### Your instructions
Leaving every picture out, please return exactly the lines from the top of the material below through the line with "Confira as medidas", both included.

### Given material

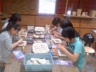 琉球村での文化体験がすすんでいるようです。シーサーつくりやタオルプリントに取り組んでいます。
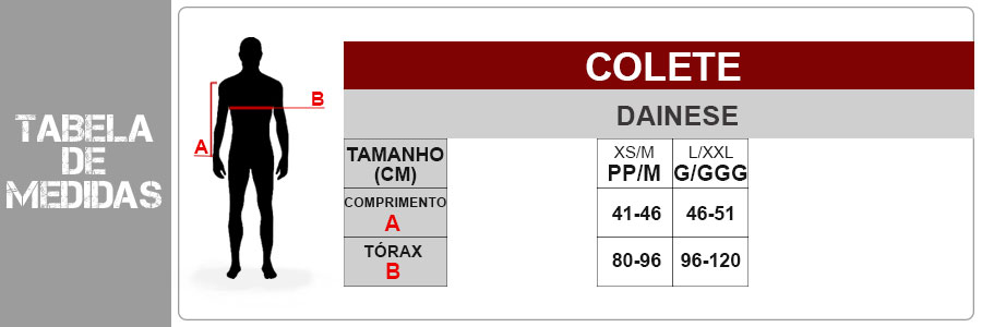 Confira as medidas do Colete Dainese MX2 Roost Guard:
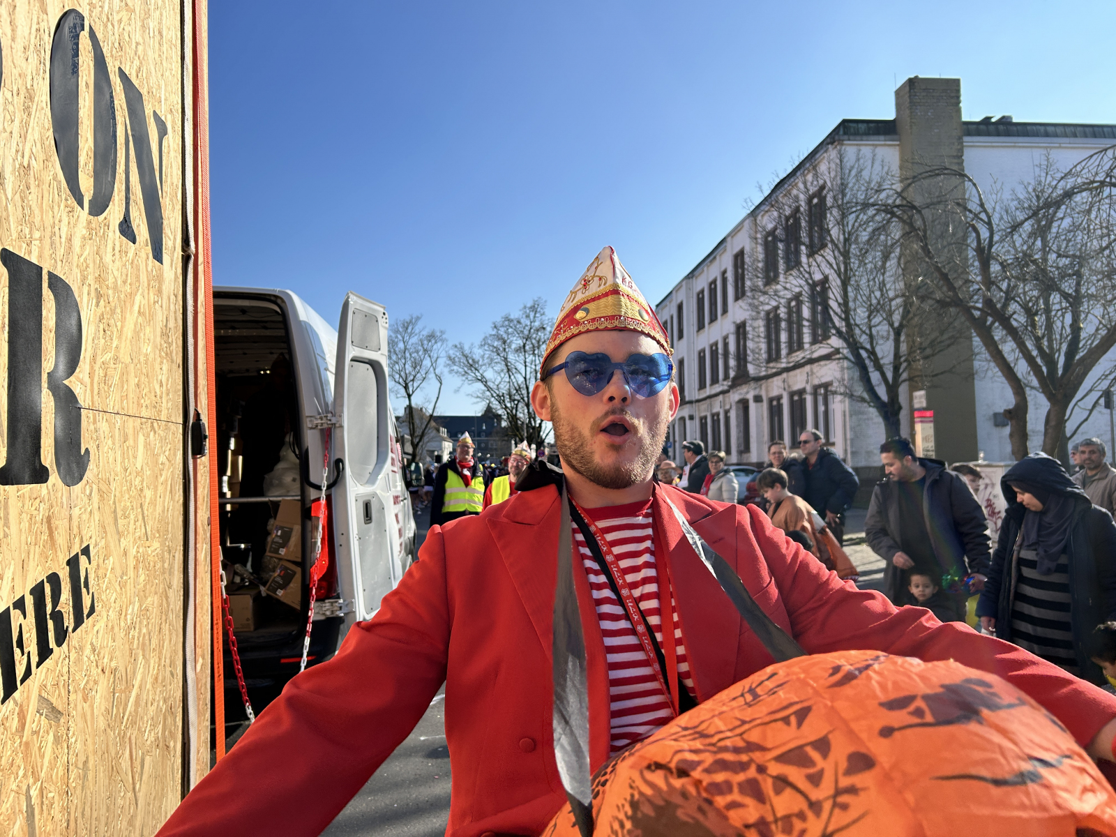 Gegen 13.30 Uhr machte sich die ULK-Gruppe dann auf den Weg in Richtung Zugaufstellung auf der Ellbachstraße – erstmals übrigens begleitet von einem neuen Wagen: Der alte Schiebewagen wurde in den letzten Wochen durch einen Hänger ersetzt, der in diesem Jahr als „Dino-Kiste“ geschmückt daherkam. Ein Lob an die Wagenbauer um Lars Zopp, Carsten Buntenbruch, Ferdi Wagemann, Tobi Rau, Ilias Abdellaoui und „Küken“ Wolfgang Koll für den unermüdlichen Einsatz rund um dieses neue ULK-Schmuckstück. Explizit möchten wir außerdem unseren freiwilligen Wagenengeln danken, die im Zug jederzeit in nicht immer ganz übersichtlichen Situationen für Sicherheit sorgten!
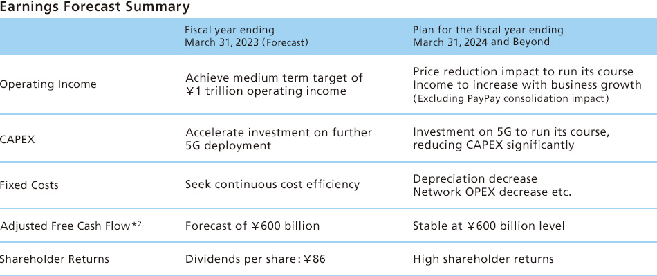 Starting from the fiscal year ending March 31, 2024, the impact of the mobile service price reduction will have run its course, and we will begin to see the impact of cost reduction efforts and decreasing depreciation costs, along with business growth in the Enterprise and the Yahoo! JAPAN/LINE segments. Therefore, operating income on a consolidated basis excluding the impact of PayPay becoming a subsidiary will bottom out in the fiscal year ending March 31, 2023, and then recover from the fiscal year ending March 31, 2024 onwards. In addition, we expect to be able to generate stable cash flow on an ongoing basis as the rollout of our 5G area investment runs its course and capital expenditures decline significantly.

### Your solution
 琉球村での文化体験がすすんでいるようです。シーサーつくりやタオルプリントに取り組んでいます。
 Confira as medidas do Colete Dainese MX2 Roost Guard:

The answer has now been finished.